DMZ

Feb 18, 2009 20:24




DMZ is for Donetsk Metallurgical Plant (the word plant is zavod in russian).
Its huge pipes are visible there proping the sky. And this is the place from where the entire city of Donetsk was born.

John Hughes, a british (actually a Welsh) businessman acquired this piece of land at 1869. Then this was the Russian Empire territory situated not far from to the north of the Azov Sea. The place was very rich of a coal and perfectly suited the purpose of building steel industry. All works started immediately.

The small town was called Yuzovka after its founder (locals spelled surname Hughes as Yuz).
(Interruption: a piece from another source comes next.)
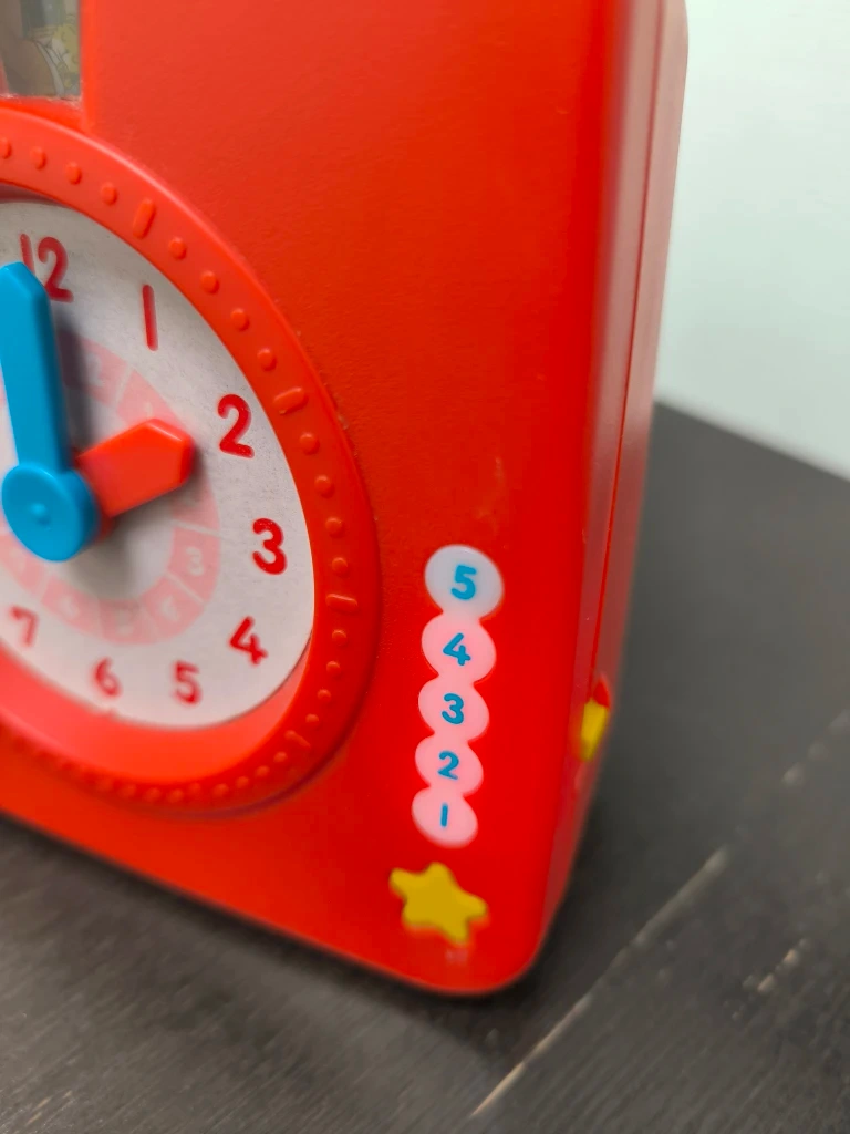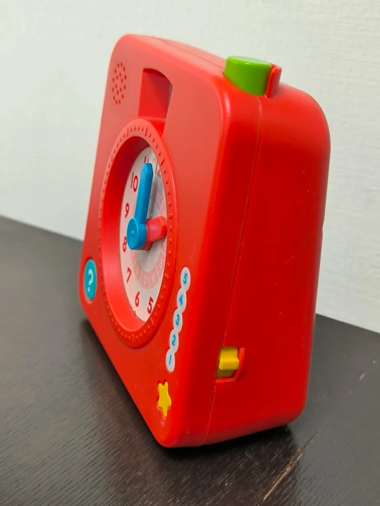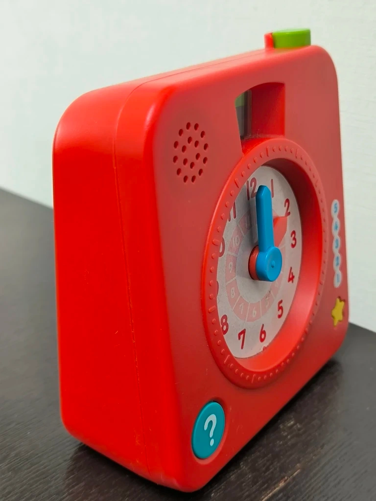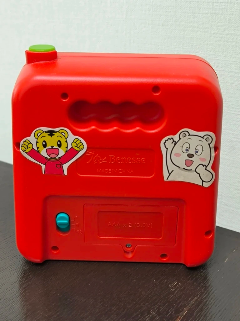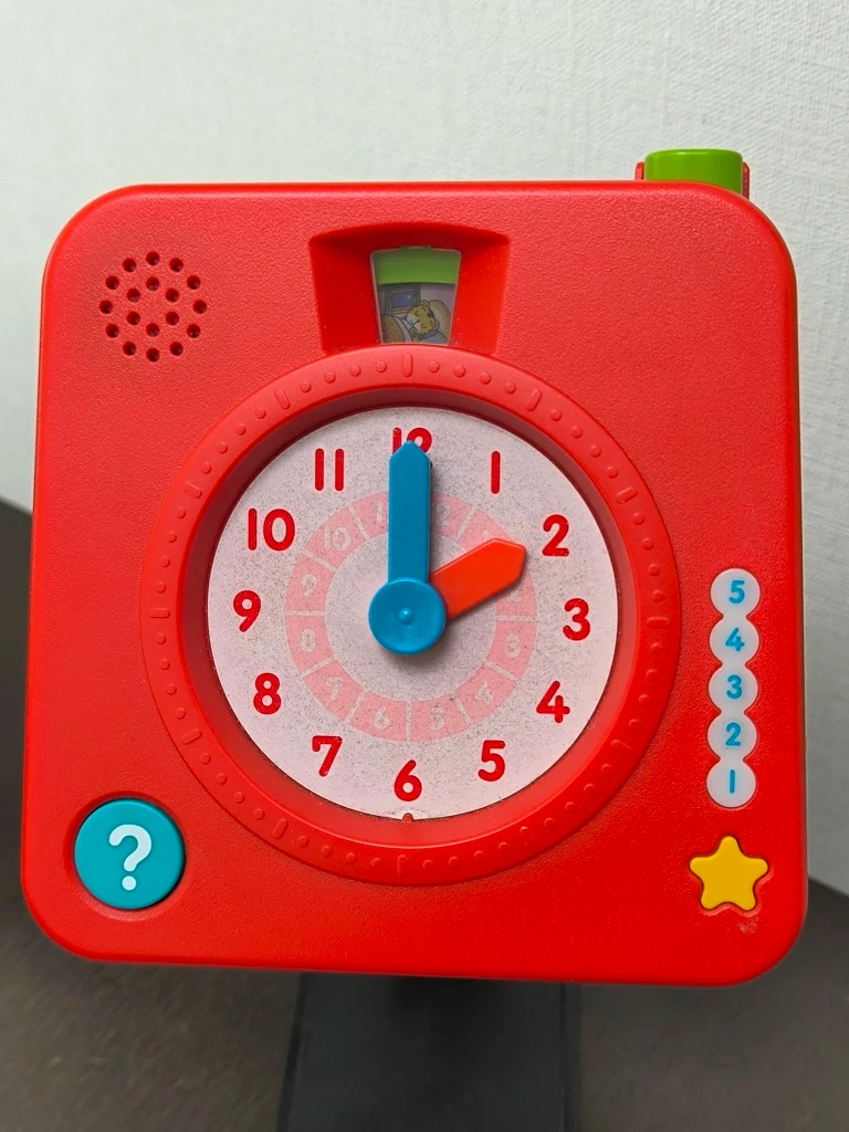 ベネッセこどもちゃれんじの教材、時計マスターです。 【オススメポイント】 ■時計が読めるようになる 「?」ボタンを押すと何時かに合わせるクイズが出て、その時間に針を手で合わせて、右手の緑ボタンを押すと正解音と音声が流れます。 ■てきぱきタイマー機能 右下の黄色星ボタンのてきぱきタイマーでは5分まで1分きざみでタイマーがセットできます。お片付けや、切り替えのためにタイマーセットすることで子供が動きやすくなりました。 サイズ 高さ約13.5mm 幅約13mm 奥行き約5.5mm 裏にシール貼ってあります。 あくまでも中古品になりますので、写真で状態をよくご確認いただき、使用感や少しのダメージも受け入れられないかたはご購入をご遠慮ください。 知育玩具 おもちゃ時計 入園前
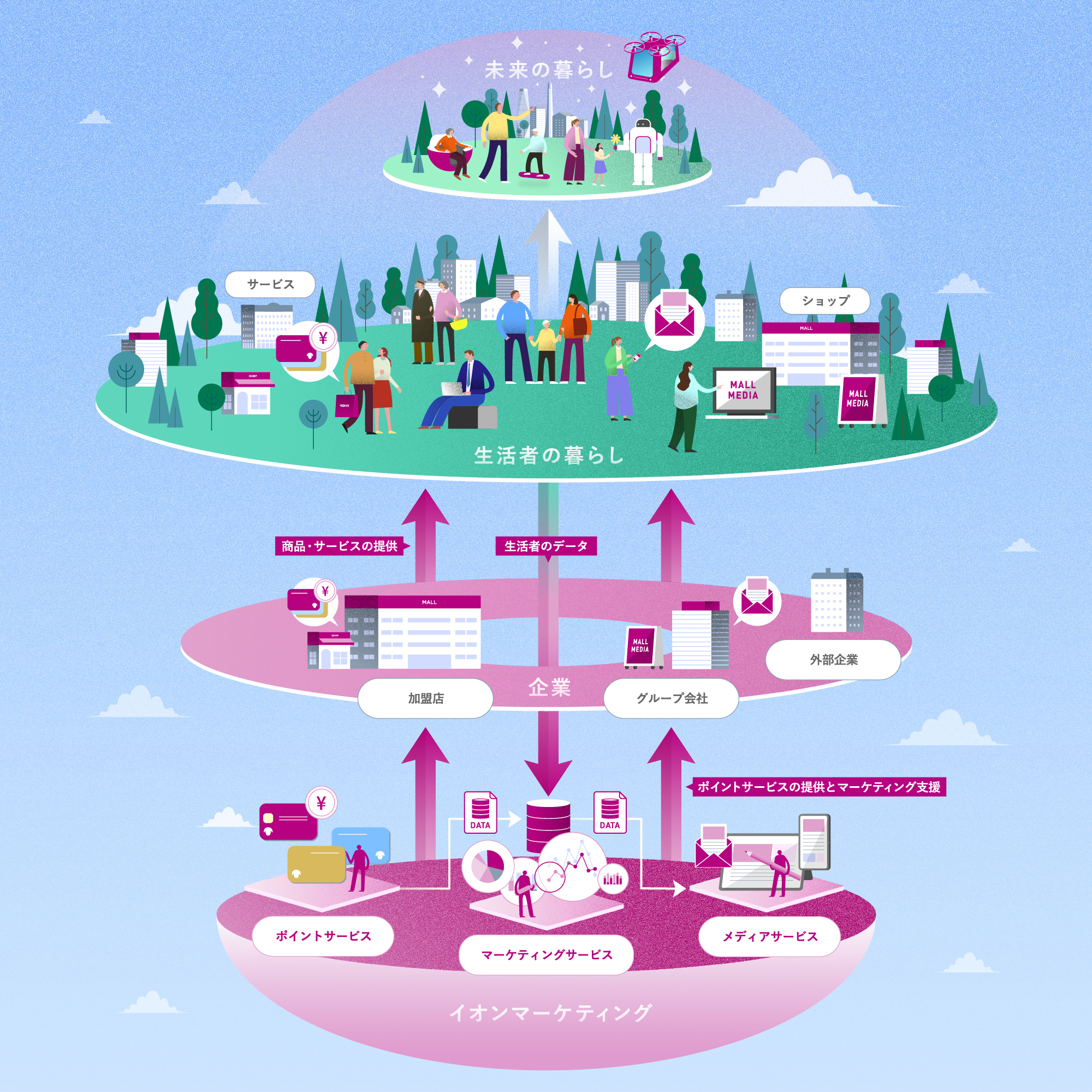 1つ目は、共通ポイント「WAON POINT」の運営や加盟店の開拓・支援を行うポイントサービス。

The factory and surroundings grew quickly. By the end of the nineteenth century, the Hughes plant was the largest in the Russian Empire.

John Hughes died at 1889 and his sons took his place. The expansion continued during the First World War when world demand of a steel raised dramatically. But at 1917 the revolution happend. The plant was nationalized. Hughes sons and almost all of their foreign employees left the country.

After few years at 1924 the city was renamed to Stalino after Joseph Stalin (authoritarian leader of the USSR since). At the 1961 the city got his modern name Donetsk after the largest river in the region Seversky Donets (the city is situated on the banks of small river Kalmius).